その〈to不定詞〉の導くまとまりが英文中でどのような働きをしているのかを見定めることが大切です。

 

〈to不定詞〉の〈名詞的用法〉

〈to不定詞〉の「名詞っぽい働き」を〈名詞的用法〉と言います。〈名詞〉は、主語(S)・補語(C)・目的語(O)になるのが主な仕事です。〈名詞的用法〉の〈to不定詞〉が導くまとまりはSやCやOになり、「…すること」と訳せます

例文で確認してみましょう。
① To learn foreign languages is interesting. 〈主語〉(外国語を学ぶことはおもしろい。)
② My dream is to work for UNESCO.     〈補語〉(私の夢はユネスコで働くことです。)
③ He decided to study abroad.         〈目的語〉(彼は留学することを決意しました。

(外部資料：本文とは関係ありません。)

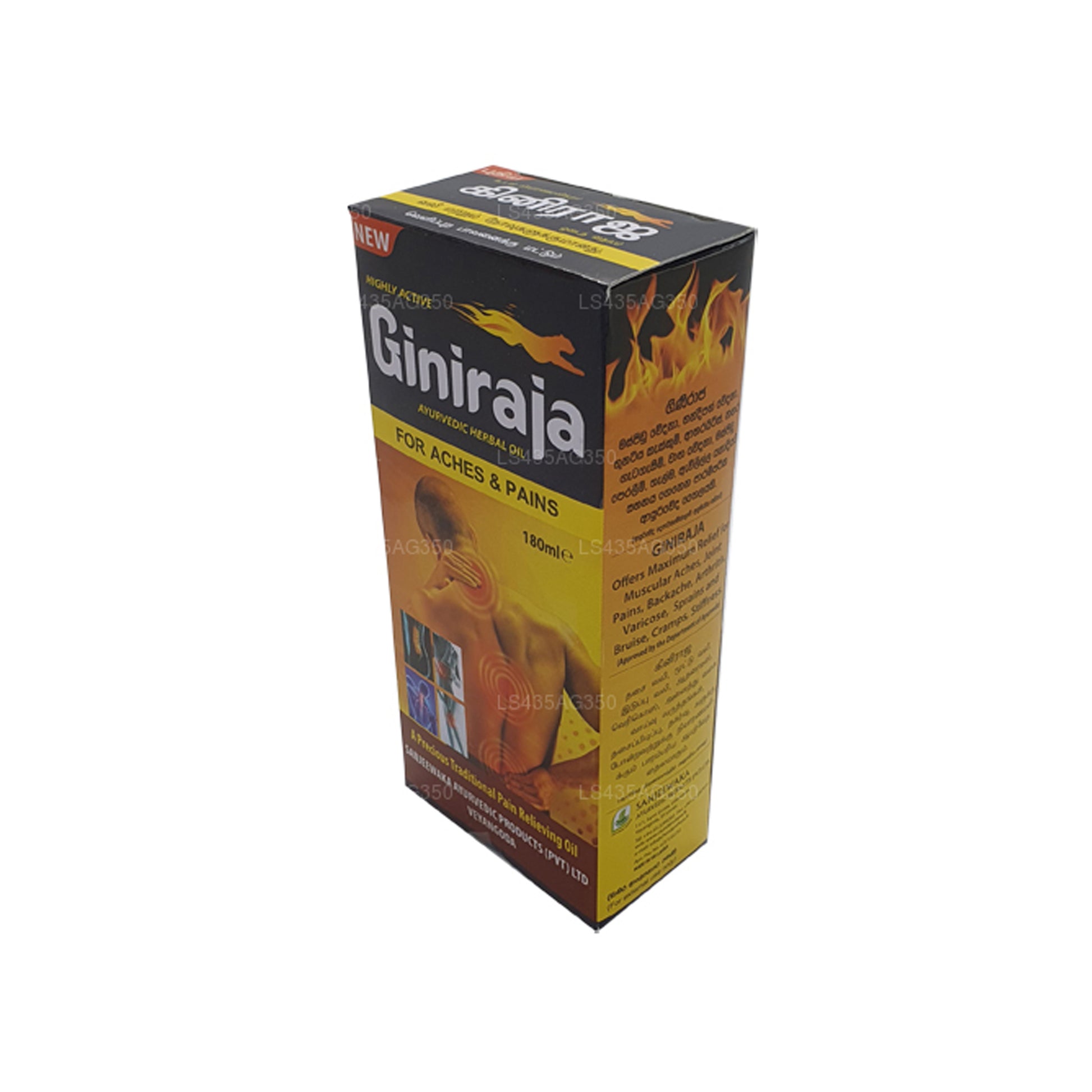 Ett helt naturligt botemedel känt för sin effektivitet för att lindra smärta och obehag, Chandanalepa Giniraja Pain Relieving Herbal Oil är en produkt som har formulerats med traditionella ayurvediska tekniker och ett speciellt recept. Denna olja ger maximal lindring för ledvärk, muskelvärk, ryggsmärta, stukningar, blåmärken, stelhet, kramper och till och med åderbråck. Det kan också erbjuda lindring från olika inflammationer.
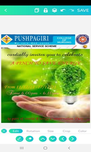 The National Service Scheme unit (NSS/FU/PNT/KUHS/2) of Pushpagiri College of Nursing observed A PINCH TO SAVE ENERGY in relation to World Energy Conservation Day from 11th to 17th December 2021. The programme helped to create significance of saving electricity among the volunteers. It also create awareness among the volunteers regarding the conservation of electrical energy for future generation. A total of 50 Volunteers participated in the event. The volunteers celebrated the event by switch off the lights and fans at the peak time from 6.00pm to 6.10 pm and they lighted the candles for 10 minutes. A total of 7 days they celebrated the event. The programme is very enthusiastic for the volunteers.
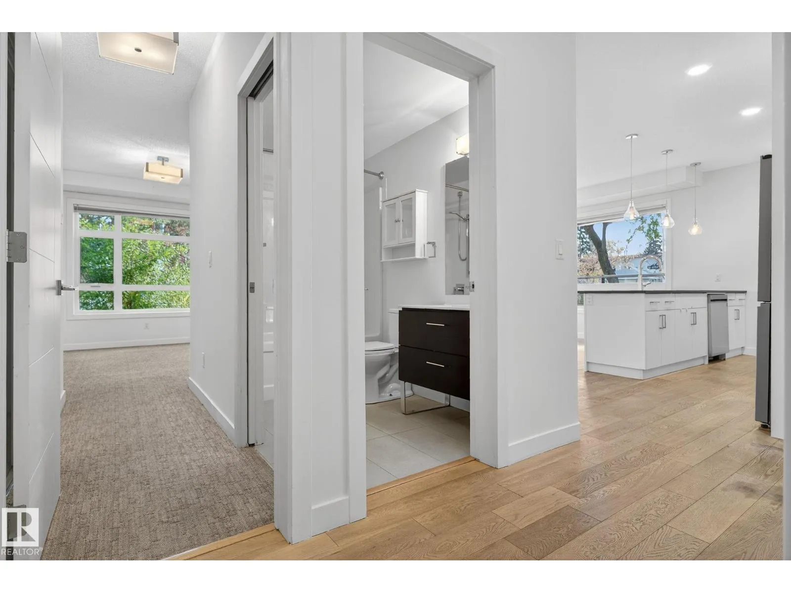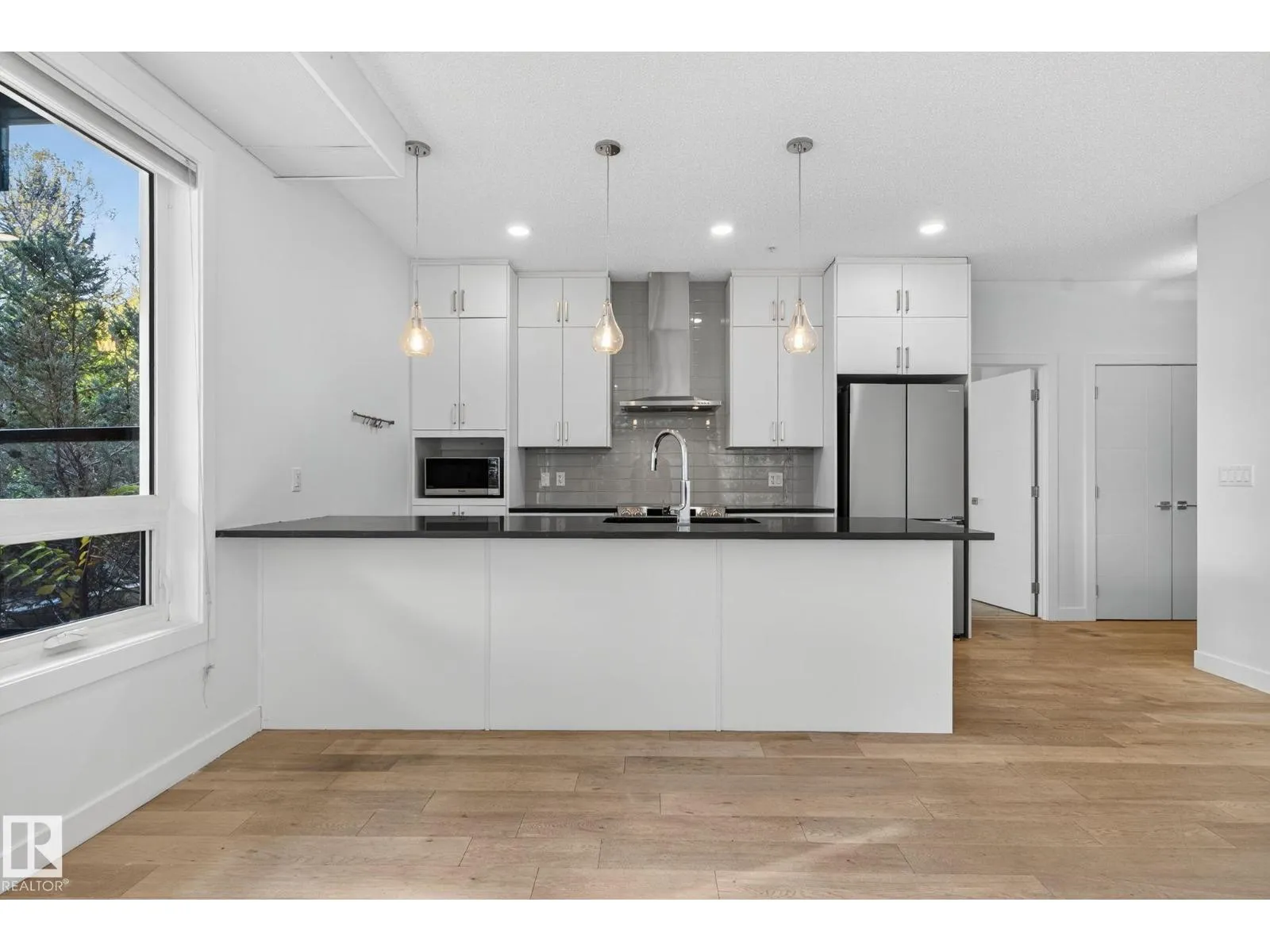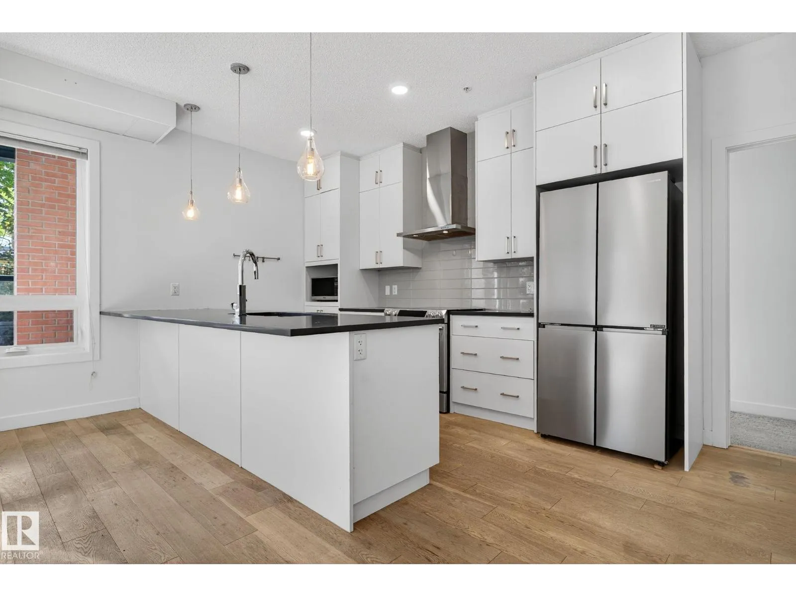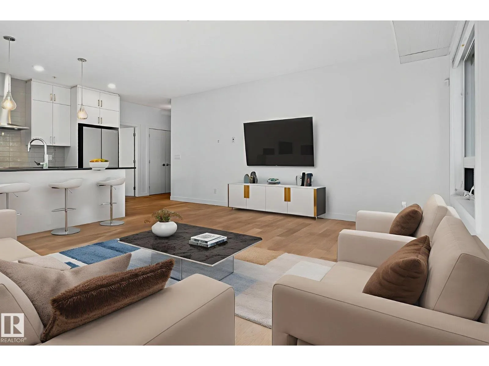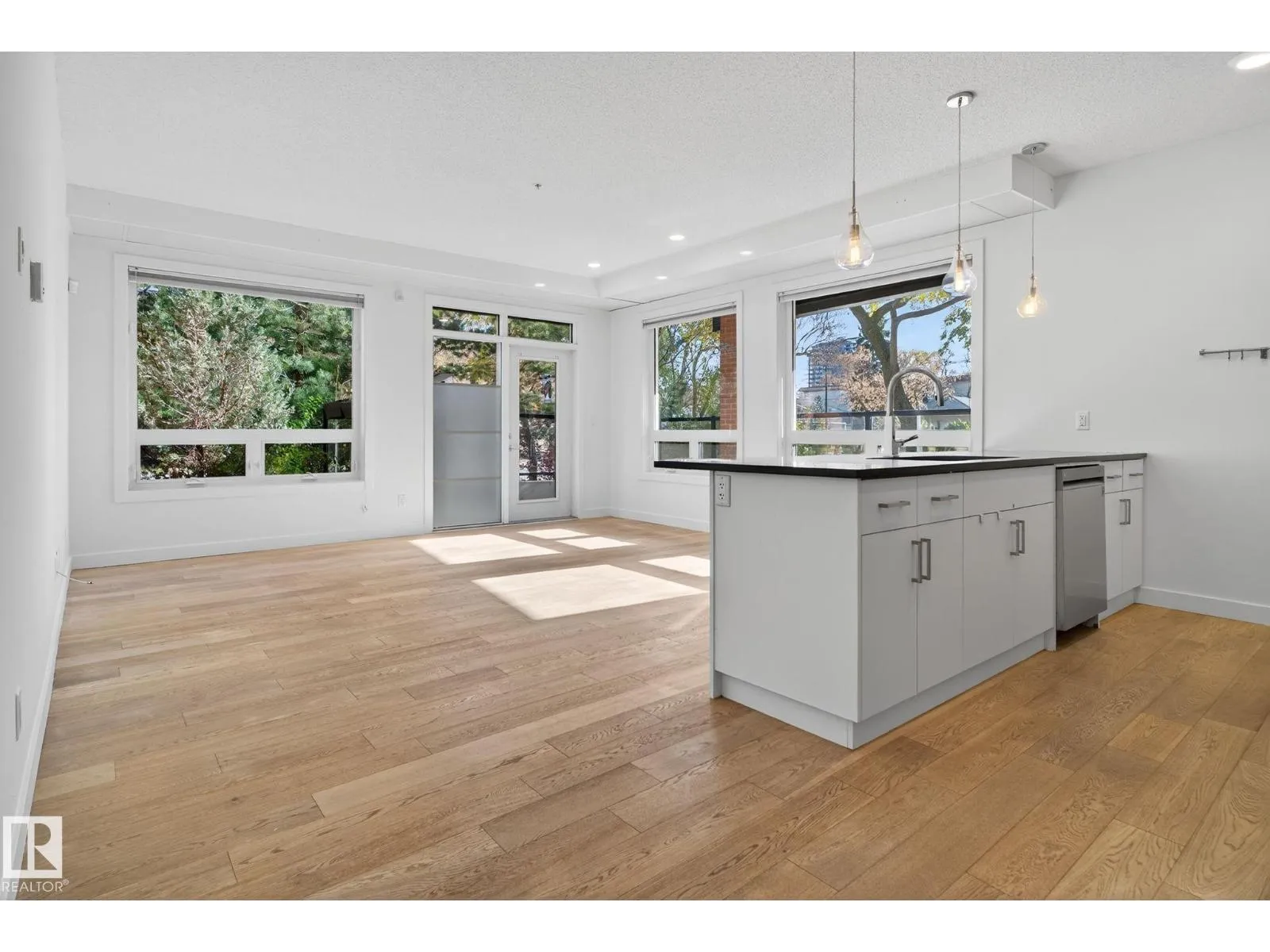 Bright, modern, and full of light â 2 bed, 2 bath corner unit in Strathcona! Rare opportunity to own in the highly sought-after Arthur Condominiums, where modern design meets one of Edmontonâs most walkable locations. Just steps to Whyte Ave, the Old Strathcona Farmersâ Market, and the River Valley, with quick access to the University of Alberta and downtown. Large windows fill this SE-facing ground-floor unit with natural light, creating an inviting, open feel complemented by 9â ceilings. The kitchen features white cabinetry, quartz countertops, and stainless steel appliances. With two spacious bedrooms, two full bathrooms, in-suite laundry, titled heated underground parking with storage, and a large private patio with secure gate and storage, this home checks all the boxes. Experience the perfect blend of comfort, convenience, and style in the heart of Strathcona (id:27476)

)
※ 太字部は〈to不定詞〉、下線部は〈to不定詞〉が導くまとまり

①では、〈to不定詞〉の導くまとまり(To learn foreign languages(外国語を学ぶこと))が主語(S)に、②では、〈to不定詞〉の導くまとまり(to work for UNESCO(ユネスコで働くこと))が補語(C)に、③では、〈to不定詞〉の導くまとまり(to study abroad(留学すること))が目的語(O)になっています。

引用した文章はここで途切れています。